Reformationsjubiläum 2017: Lebendiges Licht

Published 10/11/2017 in Die Gegenwart, Politik

Reformationsjubiläum 2017: Lebendiges Licht
Der Pausenhof wird bald voller: Die internationale Schule in Oberursel bei Frankfurt

Was das Reformationsjubiläum 2017 war – und was aus ihm werden muss.

Am 31. Oktober 2017 wird nicht nur ein Jahr zu Ende gegangen sein, das dem Thema „Reformation“ gewidmet war- es endet eine ganze Dekade des Feierns und Gedenkens. Kein Wunder, wenn nun landauf, landab nach dem Ertrag gefragt wird, danach, was gelungen und misslungen war. Das pflegt so zu sein, wenn Ausstellungen ihre Tore schließen oder Gedenkjahre an ihr Ziel und Ende gekommen sind.

Es ist wenig verwunderlich, wenn in einer differenzierten Gesellschaft die Ergebnisse solcher ersten Analysen durchaus unterschiedlich ausfallen. Dazu sind die Erwartungen an ein solches Jahr beziehungsweise Jahrzehnt des Gedenkens an die Reformation viel zu unterschiedlich: Professoren hoffen, dass Ergebnisse ihrer je eigenen wissenschaftlichen Arbeit endlich den Weg in die breite, nicht nur kirchliche Öffentlichkeit finden- Bischöfe wünschen sich neue Aufmerksamkeit für Kirche in unkirchlich gewordenen Landschaften- Tourismusverbände arbeiten an der maximalen Auslastung eigens aufgebauter Kapazitäten.

Es ist wenig verwunderlich, dass allzu große Erwartungen an solche Gedenkjahre enttäuscht werden: Differenzierte Wissenschaft wird notwendigerweise vereinfacht, wenn sie einem größeren Publikum präsentiert werden soll- ein Jubiläum einer kirchlichen Erneuerungsbewegung hat per se keine Rechristianisierung ganzer Landstriche zur Folge- und die Wochen nach den Ferien oder einem Großereignis wie dem Kirchentag fallen im Blick auf Übernachtungszahlen natürlicherweise ab.

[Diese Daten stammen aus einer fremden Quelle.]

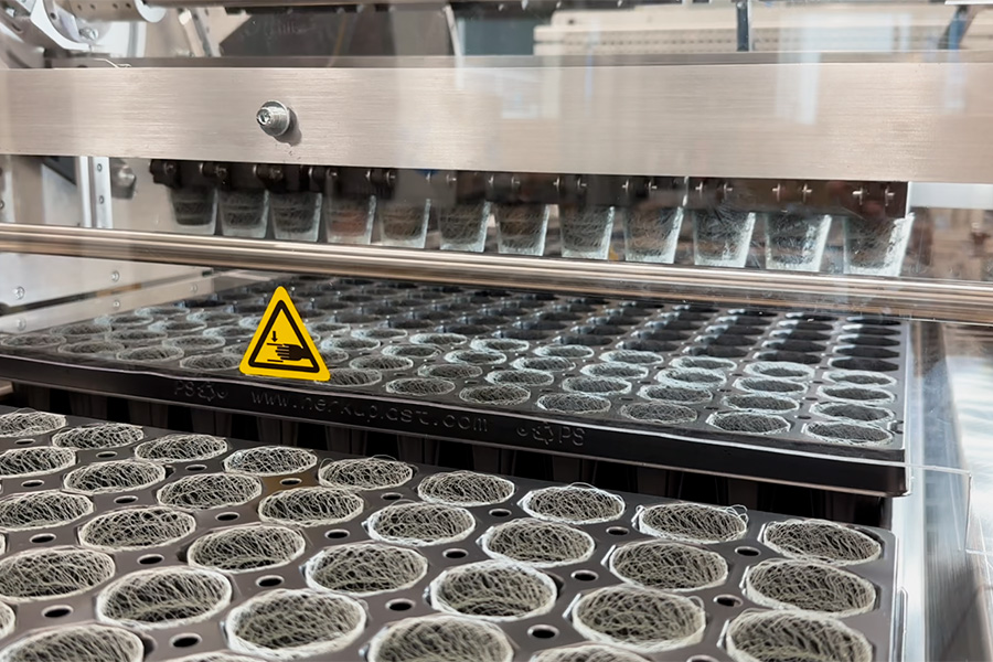 These latest filling machines are available in a semi-automatic or fully automatic version. The dispenser in the Basic line works with a drop chute. The automatic Advanced dispenser is currently undergoing final testing to further optimise its integration into existing automatic tray filling lines. The focus here is on precision in the filling process for the Growcoon into the trays and increasing the throughput capacity in conjunction with high line speeds.

So weit alles keine Überraschung: Wenn es regnet, kommen weniger Besucher zur Internationalen Gartenschau als erwartet. Und als im Zusammenhang des Weltjahres der Physik 2005 ein Einsteinjahr zur Erinnerung an das hundertjährige Jubiläum der Entdeckung der Relativitätstheorie mit namhaften Bundesmitteln gefeiert wurde, waren einzelne Akteure ebenfalls enttäuscht, wie wenig das allgemeine Verständnis für diese Jahrhunderttheorie gesteigert worden war. Eher noch war die Menge der Menschen angewachsen, die anstelle von physikalischem Wissen ein von Anekdoten geprägtes, historisch wenig zutreffendes Bild vom „Genie Albert Einstein“ gewonnen hatten.

Für eine wissenschaftliche Gesamtanalyse des Reformationsjubiläums, die auf einschlägigen Methoden wie beispielsweise repräsentativen Befragungen basiert, ist es derzeit noch zu früh. Aber es ist am Ende einer längeren Periode doch möglich, auf einige Besonderheiten aufmerksam zu machen, die das Reformationsjubiläum vom Jahr der Physik und der letzten Internationalen Gartenschau unterscheiden.